Они стояли друг против друга: Исус в белом покрове и Орам в белом больничном халате, похожем на балахон, оба - одного роста, одного возраста, пытливо и глубоко всматриваясь друг в друга, еще не произнося ни слова, но уже понимая, что главное свершилось.
- Ты звал меня? - послышалось Ораму.
- Звал. Не отрекаюсь: звал.
- Я вышел, чтобы выслушать тебя.
- А разве ты заранее не знаешь, что я Тебе скажу? - спросил испытующе Орам.
И вновь ему послышалось:
- А ты сам знаешь? То ли ты хочешь мне сказать, что скажешь? - И Исус печально посмотрел на Орама.
- Знаю. То.
- Знаешь? - спросил Исус. - Так говори. - И все тот же печальный взор.
- Скажу.
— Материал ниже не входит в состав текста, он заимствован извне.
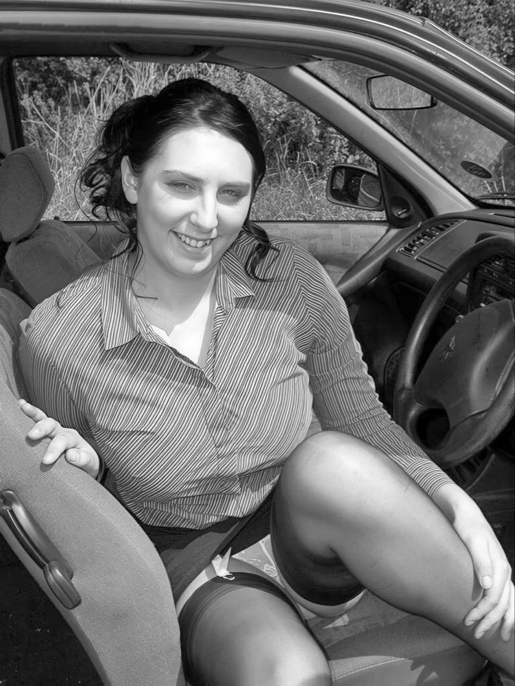 Carmen takes a break from behind the wheel to stretch her legs and cool down on a hot day.
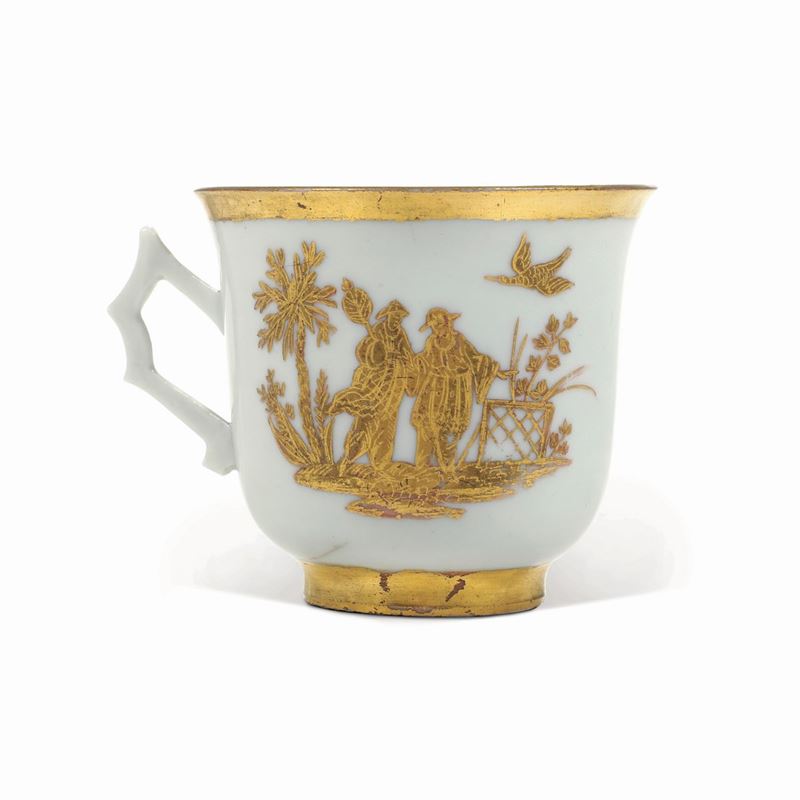 Questa rara tazza dal sottile manico piatto e mistilineo, è decorata in oro graffiato con due scene a cineserie. Su zolla a isola due cinesi stanno tra vegetazione, inoltre un uccello in volo. Ai bordi larga fascia e interno della tazza in oro.
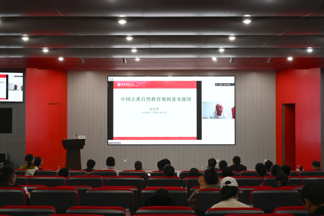 青年论坛结束后,华东师范大学刘梁剑教授、华东师范大学刘良华教授、华东师范大学彭正梅教授带来3场专家报告,《湖南师范大学教育科学学报》编辑部万永奇教授主持。刘梁剑教授以“作为一种学习方式的魏晋清谈”为题,为魏晋清谈做出界定,指出清谈需以三玄、《论语》等经典知识为基础,通过主客对话的礼仪化形式展开,既体现对宇宙悲情与人类有限性的体悟,也是尊德性的修养功夫。清谈所蕴含的探究共同体、审美共同体与精神生活共同体理念可为现代哲学教育提供借鉴,哲学不仅是知识探究,更是一种塑造未来的生活方式。刘良华教授通过线上连线的方式参与大会,刘教授以“中国古典自然教育观的基本脉络”为题,梳理儒、道、佛三家古典自然教育思想,重点提及孔子“孔颜乐处”与王夫之的相关论述,指出现代教育过度理性化、高科技化,导致人与自然脱离,提出人具有求生、求尊重与爱、求自由三大自然本能及对应自然权利,教育应尊重并保护这些权利。彭正梅教授以“兴发作为生命唤醒:王夫之与海德格尔的比较”为题,聚焦“兴发”的生命唤醒功能,对比中西思想:王夫之基于亡国体验思考“沉沦”问题,海德格尔关注现代性下的存在困境,二者均强调生命感与诗性精神的重要性,认为诗是唤醒生命、超越庸常的关键。

Но ты не вправе так смотреть на меня, как ты сейчас смотришь. Не жалей. Ведь и я тебя не пожалею. Ты оскорбляешь твоей жалостью. Уж лучше ненавидь. Ах, если бы ты умел ненавидеть! Тогда бы я не сказал тебе: "Ты или Мы?"
Орам помолчал, все также прямо смотря в глаза Исусу:
- Ты должен все узнать, - сказал он, - Ты, великий Ребенок. Иные дети пришли в мир. Не для себя - для них, для новых детей и только ради них я вызвал тебя.
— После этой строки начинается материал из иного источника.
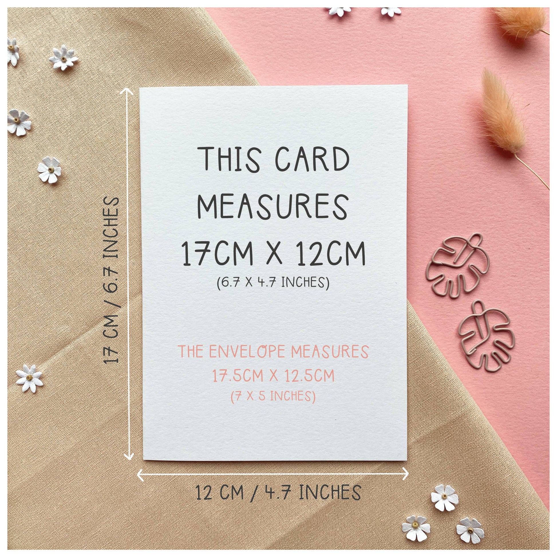This card measures A6 w:10.5cm x h:15cm, It is printed here in the UK in a planet-friendly factory, on 300gsm premium thick FSC Certified silk cardstock, and is paired with a Lavender Lilacenvelope.
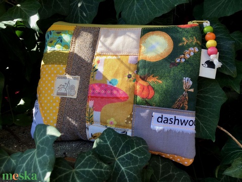 MIXED UP IN GREEN/YELLOW. No. 2. - - - Patchwork gombás-tökös-földimalacos sminkcucc-tartó/pipere
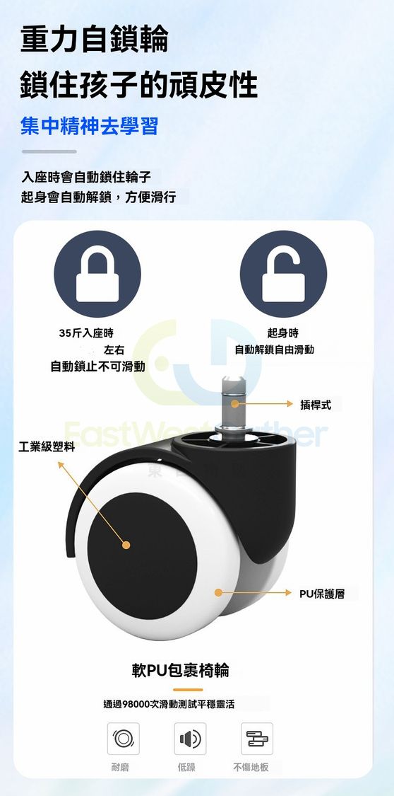 重力自鎖輪鎖住孩子的頑皮性:入座時會自動鎖住輪子起身會自動解鎖,方便滑行

И снова послышалось Ораму:
- Не для себя? Ты это твердо знаешь, что не для себя, а только для них? - И снова с тон же жалостью и грустью Исус посмотрел на Орама.
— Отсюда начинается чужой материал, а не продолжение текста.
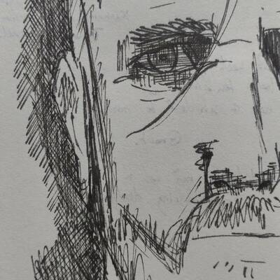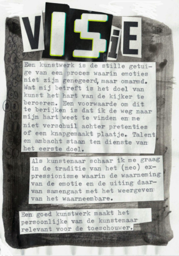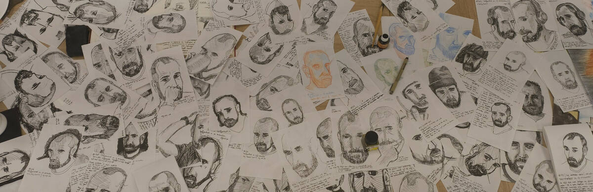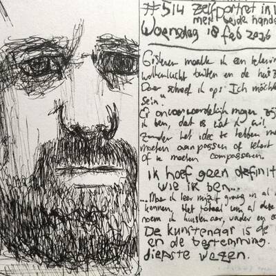 Een typische dag in mijn atelier begint met het maken van een zelfportret. In maximaal vijftien minuten probeer ik mijn gezicht te vertalen naar inkt op papier. Langzaam vormt zich een soort dagboek, dat ik aanvul met tekst.

- Только для них. Я, мы теперь - уходящие. А может быть, мы уже ушли.
Орам нахмурился:
- Опять жалеешь! Неужели не понимаешь, что твоя жалость сегодня смешна. Так слушай.
Он чуть отступил от Исуса.
- Ты хотел и ты обещал человеку истребить зло добром. Ты уверил человека в том, что несмотря на все его злодейства, свирепость, глумление над добрым и добром, он все же по природе добр и полон любви, даже тогда, когда топчет любовь ногами, и плюет ей в сердце, и гадит на все, что любит и любил человек. За твое добро и любовь тебя распяли. Теперь об этом вспоминают со скукой и даже не хотят больше вспоминать, до того превзошли люди твою Голгофу и крест такими голгофами и сверхголгофами, что твой гефсиманский сад, и чаща скорби, и гвозди вбитые в тебя, кажутся невинным капризом детской фантазии по сравнению с этими новыми сверхголгофами гуманности сегодняшнего дня. Тебя распяли. Но все же многие тогда уверовали в твое слово, в твое добро, и в то, что сам человек добр по природе, и две тысячи лет гибли и губили во имя твое и твоего добра. Какие только личины не одевали на себя поверившие в твое добро и свою доброту, чтобы проповедовать его, обманывая себя, и как беспощадно расправлялись они со всеми, кто пытался с них сорвать их обманные личины или хотя бы только указать на эти личины, усомниться в их доброте. Уязвленное самолюбие доброго, когда усомнятся в его доброте и высокой цели добра, намного страшнее задетого самолюбия злейшего-из-злейших. Оно мстило и еще как!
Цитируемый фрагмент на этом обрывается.